France, qu’as-tu fait de ton école ? titre Marianne (1) qui consacre un dossier de 40 pages à ce sujet, un des dossiers prioritaires dans l’esprit des français, et plus encore dans nos associations familiales.
Cet hebdomadaire abandonne cette fois l’ensemble des préjugés que cristallise ce sujet vital pour l’avenir de notre société. Au fil des études

de fond aussi bien qu’à travers des états des lieux d’établissements aussi variés que des collège de ZEP, des lycées très sélectifs ou des collèges professionnels, ce dossier passe en revue les différents tabous ou sujets disputés et qui fâchent .
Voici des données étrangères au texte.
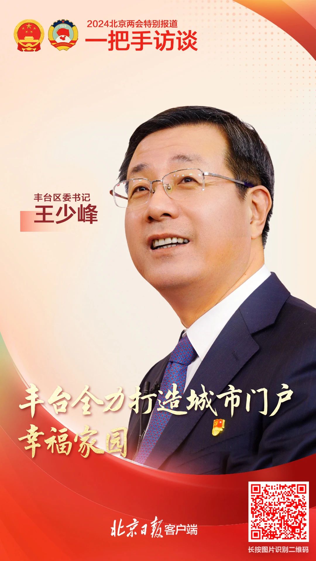 2024年北京市两会期间,市人大代表、丰台区委书记王少峰做客北京日报客户端“一把手访谈”节目,围绕南中轴地区建设提速、打造京津冀协同发展“桥头堡”、“教育强基工程”持续推进三个方面,介绍了丰台区2024年的新亮点。

Au premier rang de ceux-ci, le trop fameux collège unique, créé sous Giscard en 1975, devait soi-disant assurer « l’égalité des chances ». Au bout de 35 ans, on constate que l’effet est exactement inverse : Un enfant des classes populaires a infiniment moins de chances aujourd’hui qu’au milieu du siècle dernier d’accéder aux grandes écoles ou d’achever des études supérieures écrit Bernard Guetta soulignant son corollaire : la fuite toujours plus grande de parents du public vers le privé et la prospérité des officines de soutien scolaire. Mélange de volontarisme et de lâcheté, -c’est toujours Bernard Guetta qui parle- d’hypocrisie et de générosité, on a fait comme si tous les enfants étaient égaux parce qu’ils devraient l’être.[…] un « collège unique » qui ne corrige pas l’inégalité, mais l’accentue et fait baisser, et non pas monter, le niveau général.

 

Le pédagogisme aussi est vivement pris à parti dans presque tous les articles : Le pédagogisme –la promotion des méthodes constructivistes qui font de l’élève le promoteur de son propre savoir- a causé des dégâts considérables affirme Claire Mazeron, agrégée de géographie et vice-présidente du Snalc . Bernard Guetta résume ainsi ces méthodes : Il ne fallait plus élever les enfants mais les « épanouir », plus leur apprendre mais leur « apprendre à apprendre », plus s’en faire écouter mais s’en faire aimer. Il fallait « s’adapter » à eux, et ne surtout pas les adapter à une quelconque exigence sociale, fut-elle celle de la connaissance ou celle du savoir vivre ensemble.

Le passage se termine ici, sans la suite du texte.